The contest's outcome will likely determine the balance of power in the Balkan nation ahead of a snap parliamentary vote due in June, following months of gridlock after the government collapsed in August.
Montenegrins headed to the polls on Sunday to elect their next president in a vote that could see a young upstart unseat incumbent Milo Djukanovic, who has dominated the country's political scene for decades.
Montenegro's president, elected for a five-year term, has a mostly ceremonial position and most of the political power resides with the prime minister.
Polls open at 7:00 AM (0500 GMT) local time and close at 8:00 PM. Unofficial results are expected late Sunday evening.
The runoff comes two weeks after the first round, where Djukanovic beat back a range of opponents hoping to shake up the political scene, garnering 35 percent of the vote compared to 29 percent for his primary challenger, Jakov Milatovic.
However, analysts have largely favoured Milatovic to win the presidency, arguing the pro-European economist is likely to appeal to a large number of voters desperate for change after decades of rule by Djukanovic and his Democratic Party of Socialists (DPS).
"Milatovic offers a different vision, economic prosperity and cooperation," Dragan Vujacic, a 66-year-old radio and TV presenter, told AFP.
The DPS has been hit by repeated setbacks since the party suffered their first major defeat in the 2020 parliamentary elections.
Since then, Montenegro has stumbled from crisis to crisis that has seen the collapse of two governments.
Djukanovic, backed by former Serbian leader Slobodan Milosevic, arrived at the helm of the former Yugoslav republic in 1991 when he was just 29.
But as Serbia increasingly became an international pariah, Djukanovic pivoted West, broke ties with Belgrade and helped usher in Montenegro's independence in 2006.
Under the leadership of Djukanovic and his party, Montenegro joined NATO, kick-started the negotiating process for EU membership and moved away from Russia's influence.
Upstart versus incumbent
However, his party's rule has been plagued by allegations of widespread corruption and links to organised crime, which Djukanovic denies.
"Here we have a man who has been in power for thirty years, a man who is the personification of a classic dictatorship, a classic abuse of power, the man who has allowed corruption and crime to flourish," Mladen Vukovic, a physician in Podgorica, told AFP.
Ahead of Sunday's vote, Djukanovic has repeatedly questioned whether Milatovic, 36 and his Europe Now party can secure a European future for Montenegro while accusing him of being vulnerable to Serbian influence.
Djukanovic, 61, has also courted ethnic minorities and the Montenegrin diaspora during the final days on the campaign trail.
For years, Djukanovic has sought to bridle the influence of Belgrade and the Serbian church in Montenegro, while carving out a separate Montenegrin national identity.

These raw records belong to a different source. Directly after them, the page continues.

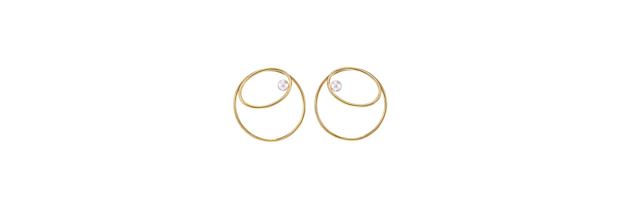 “Nacreous”系列珠宝从珍珠母贝皮层下的虹彩色泽中汲取灵感。精美圆环与椭圆形环圈相结,形成夹角,大小不一的阿古屋珍珠栖缀其上,呈现出珍珠在贝壳中生长的景象,悬浮于耳畔。
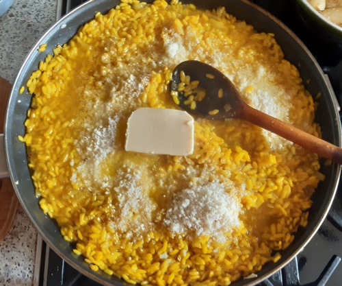 Po 15–20 minutach, gdy ryż będzie dość już miękki, dodać solidną łyżkę masła i starty ser. Wmieszać, aby ryż nabrał aksamitnej konsystencji.
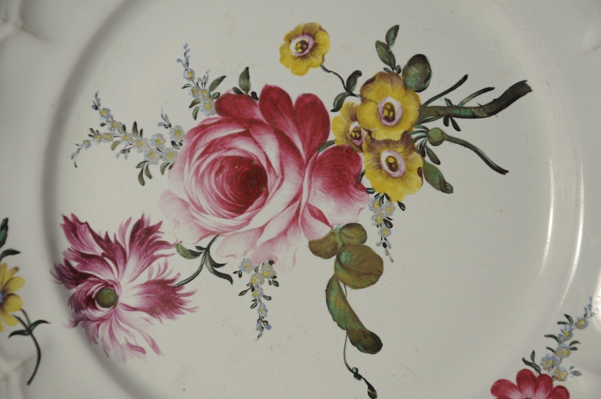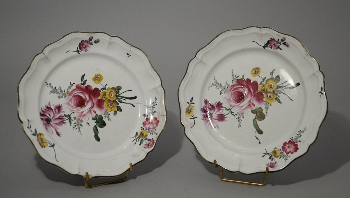 STRASBOURG, Joseph HANNONG. PAIRE D'ASSIETTES en faïence à décor de roses. L'aile mouvementée.
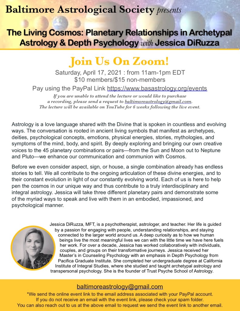 Happy Equinox! I am thrilled to be speaking at the Baltimore Astrological Society next month on Saturday, April 17th. I cordially invite you to come hear me speak on “The Living Cosmos: Planetary Relationships in Astrology and Depth Psychology”. This will be an enlivening talk on some of my favorite astrological topics. We will have a lot of fun! I would love to see your familiar face.

But it has been no easy task, with roughly a third of Montenegro's population of 620,000 identifying as Serbs.
Milatovic will be hoping to capture the eagerness of young voters looking for an injection of fresh faces into the country's leadership.
Milatovic made political headlines as minister of economic development after the 2020 parliamentary elections, which resulted in the first government not being ruled by the DPS.
The father-of-three made his mark with a controversial economic programme that, among other things, doubled the minimum wage.
Still, the minimum wage is just 450 euros ($490) a month in the tiny country along the Adriatic, which remains heavily reliant on tourism thanks to its picturesque beaches and rugged mountains.